* Directions for this task *
A faithful copy is required: retype the records from their first line through the line with "Cast netting in Kaipara nursery pond", and omit the pictures.
---------- Material for the task
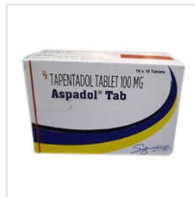
100 Mg Tapentadol Tablet
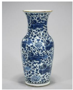
8238: 19TH CENTURY CHINESE BLUE AND WHITE VASE
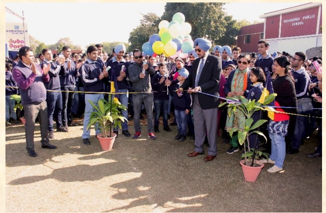
The Inauguration of "Food, Games, Music and Masti"
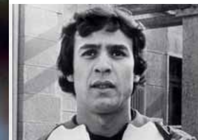
Josef Venglos, Marius Lacatus and Rabah Madjer.
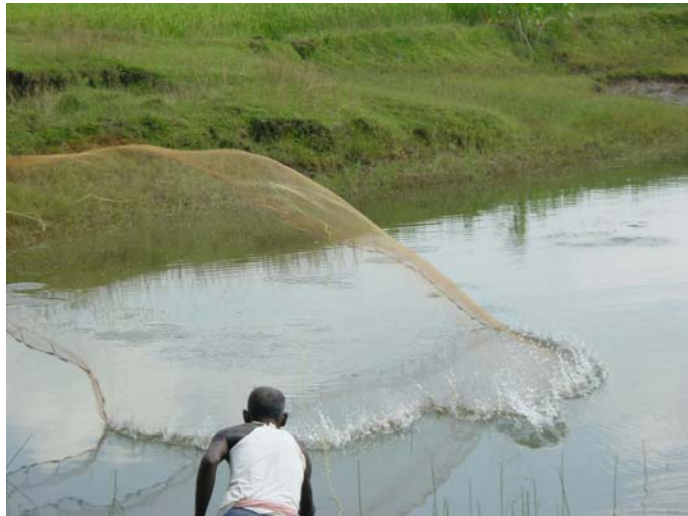
Cast netting in Kaipara nursery pond

We all make decisions in our own lives, based on our own circumstances, and each one of us have different sets of criteria and reasons for the choices we make. However, there are three consistent and powerful reasons why fish culture is a popular livelihood option in rural areas of West Bengal and neighboring states. The first is that people who are food producers have greater food security than those who have to purchase it. Everyone in Kaipara is aware of the sometimes painful, practical steps that individuals and families need to take to secure enough food, through dadan or migration, or other means.
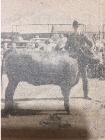
Figure 2 I Won the Grand Champion Female Honors

Finally, we pulled through, putting the Red Angus cattle in the limelight. We were so excited when the judges started to recognize us! The following newspaper clippings, verify this big event:
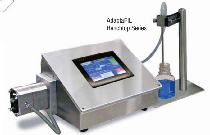
AdaptaFIL Benchtop Series

FILAMATIC also gives you a range of Benchtops that offer Peristaltic pump specific solutions. The AdaptaFIL and SmartFIL are well-known for their recipe control, quick and easy changeovers and a user-friendly HMI touchscreen. These solutions give you the ability to add multiple pumps, or even choose among different Peristaltic brands. The AdaptaFIL and SmartFIL are high-quality, reliable and affordable Benchtop options.
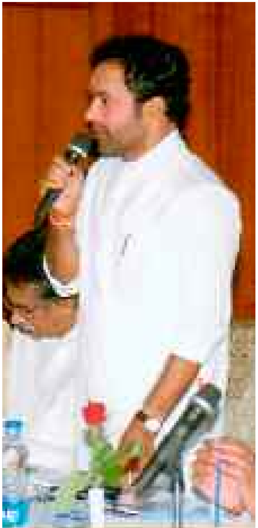
State BJP president G. Kishan Reddy

deal to the small and medium industry. Back in State, BJP has been actively participating in the programmes launched by MSME sector while highlighting their problems effectively across the State. Particularly when the State was afflicted by power crunch, BJP solidly stood behind the small and medium industry, by taking part in various protest programmes organized at every length and breadth of the State. For a change, its State leaders brushed aside political issues and expressed solidarity with the suffering industries, which were on the verge of closure following the severe power shortage in the State. It is to be recalled while at the national- level, BJP top leader Muralidhar Rao vowed to breathe new lease of life into the
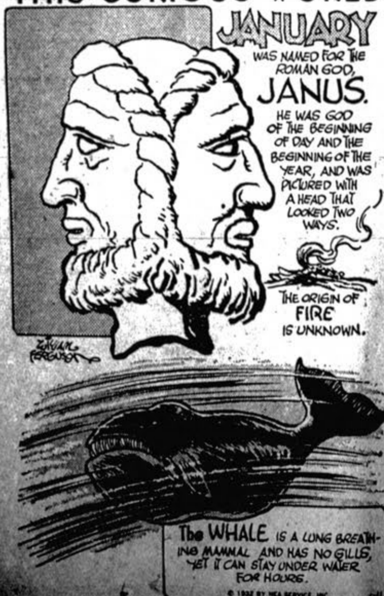
JANUARY WAS NAMED FOR THE ROMAN GOD, JANUS. HE WAS GOD OF THE BEGINNING OF DAY AND THE BEGINNING OF THE YEAR, AND WAS PICTURED WITH A HEAD THAT LOOKED TWO WAYS. THE ORIGIN OF FIRE IS UNKNOWN.
--------------------
* Answer area *
100 Mg Tapentadol Tablet
8238: 19TH CENTURY CHINESE BLUE AND WHITE VASE
The Inauguration of "Food, Games, Music and Masti"
Josef Venglos, Marius Lacatus and Rabah Madjer.
Cast netting in Kaipara nursery pond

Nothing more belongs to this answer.